PODER JUDICIÁRIO JUSTIÇA DO TRABALHO TRIBUNAL REGIONAL DO TRABALHO DA 1ª REGIÃO 6ª Turma

PROCESSO nº 0010239-60.2015.5.01.0042 (RO)

RECORRENTE: MAURO PONTES

RECORRIDO: ITAU UNIBANCO S.A.

RELATOR: ANGELO GALVAO ZAMORANO

REINTEGRAÇÃO. NULIDADE DA DISPENSA. ESTABILIDADE

DECENAL. Comprovado nos autos que o autor possui

estabilidade decenal transitada em julgado, a dispensa imotivada

encontra-se eivada de nulidade, impondo-se a manutenção da

decisão que determinou a reintegração do trabalhador.

Vistos, relatados e discutidos os presentes autos de RECURSO ORDINÁRIO em que são

partes: ITAÚ UNIBANCO S/A , como Recorrente e, MAURO PONTES , como Recorrido.

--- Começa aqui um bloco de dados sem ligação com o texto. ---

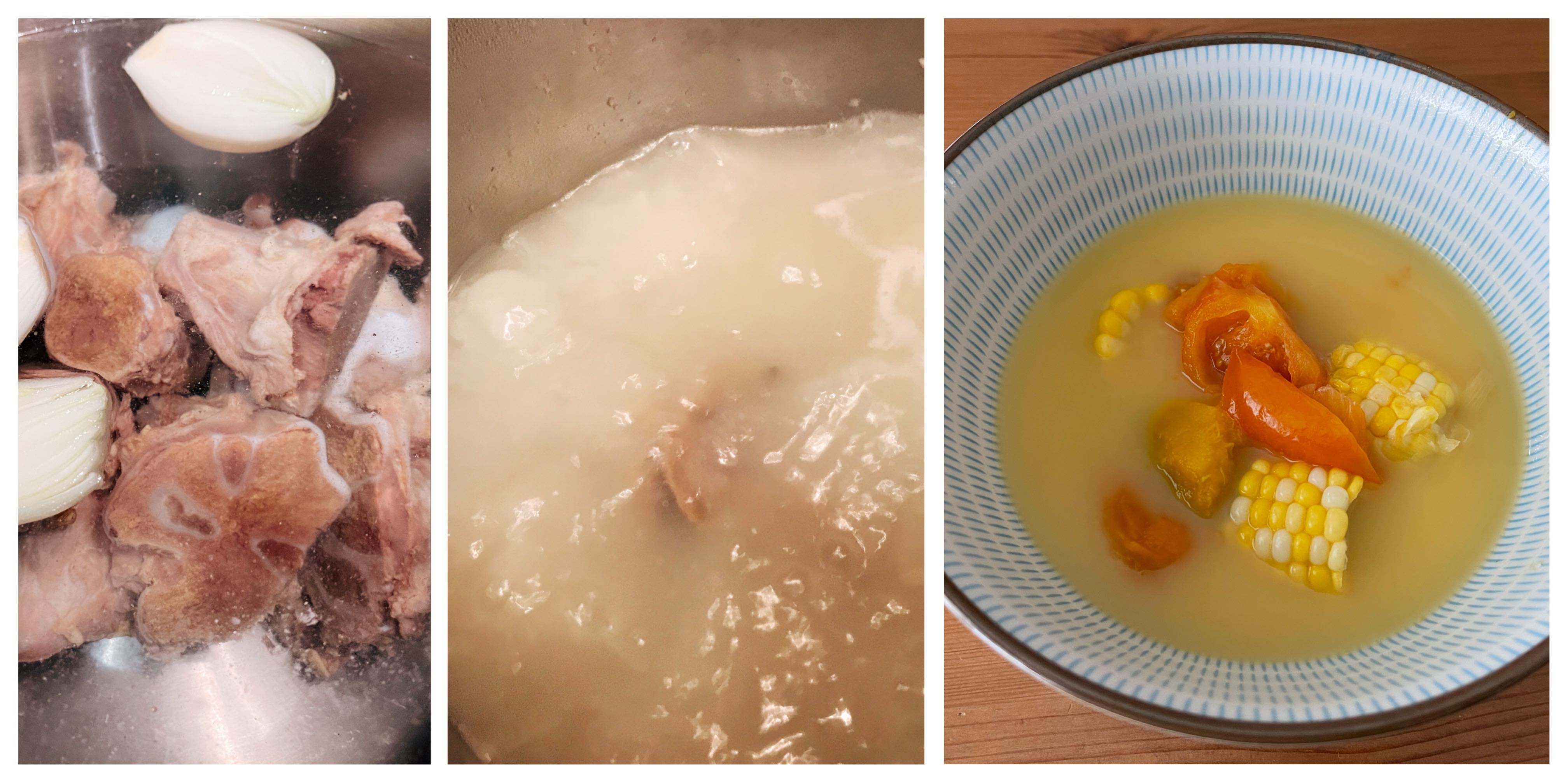 人妻嘉慧煮煮看 簡易豬骨湯 同場加影 - 蕃茄南瓜粟米豬骨湯
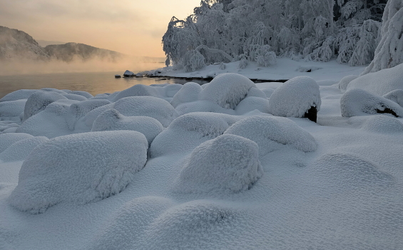 Камни , покрытые снегом и изморозью, напоминают лежбище морских котиков.
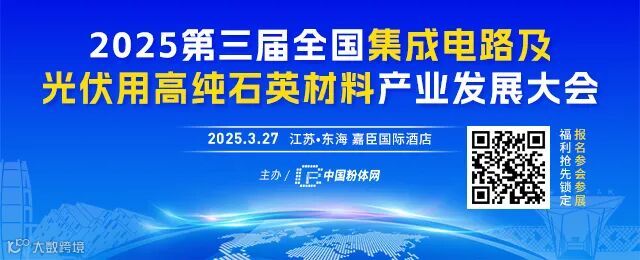 在此背景下,中国粉体网拟于2025年3月27日在江苏东海县嘉臣国际大酒店举办“2025第三届全国集成电路及光伏用高纯石英材料产业发展大会”,大会诚邀国内石英业界专家学者、企业代表、技术人员积极参会,共同探讨高纯石英材料的制备技术及产业前沿,推动产业高质量健康发展。
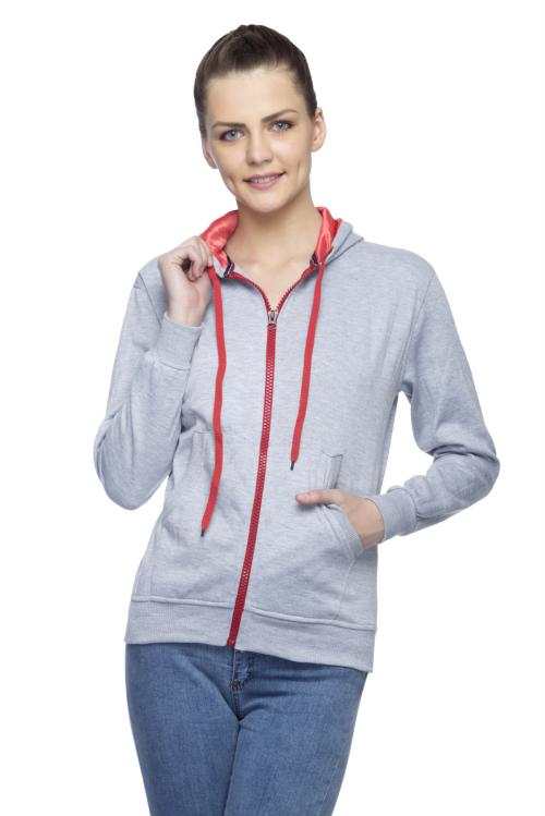 Lambency Grey Cotton Blend Solid Hooded Sweatshirt

RECORRE ORDINARIAMENTE O BANCO RECLAMADO , em face da r. sentença id

fca98d5, com Embargos de Declaração julgados id 7cc73ef, proferida pelo MM Juízo da 42ª

VT/RJ (da lavra do Juiz Thiago Mafra da Silva), que julgou parcialmente procedentes os

pedidos elencados nas Reclamações Trabalhistas 0010239-60.2015.5.01.0042, 0010751-43.2015.5.01.0042, 0011510-07.2015.5.01.0042 e 0101347-39.2016.5.01.0042.

RELATÓRIO

O BANCO RECLAMADO (ITAÚ UNIBANCO S/A), em suas razões, suscita a nulidade da

sentença por cerceamento de defesa e, no mérito, pretende afastar a reintegração do autor, bem

como a condenação ao pagamento de horas extras e manutenção do plano de saúde.

Contrarrazões do Reclamante id 4fd37c7, sustentando a manutenção do julgado.

Autos não remetidos ao Ministério Público, na forma do artigo 85 do RI - TRT - 1ª Região.

Éo relatório.

FUNDAMENTAÇÃO

I - DO RECURSO ORDINÁRIO 0101347-39.2016.5.01.0042

NÃO CONHEÇO do Recurso Ordinário apresentado no processo RO 0101347-39.2016.5.01.0042, por ausência de dialeticidade recursal (aplicação da Súmula nº 422 do TST), tendo em vista que a matéria relacionada àqueles autos diz respeito ao pedido do reclamante de anular a sua transferência da agência localizada em Niterói para a agência localizada em São Gonçalo.

No entanto, as razões recursais apresentadas naqueles autos, id 05ec241, dizem respeito apenas ao pedido de manutenção do plano de saúde do reclamante, matéria que é analisada nos autos do RO 0011510-07.2015.5.01.0042.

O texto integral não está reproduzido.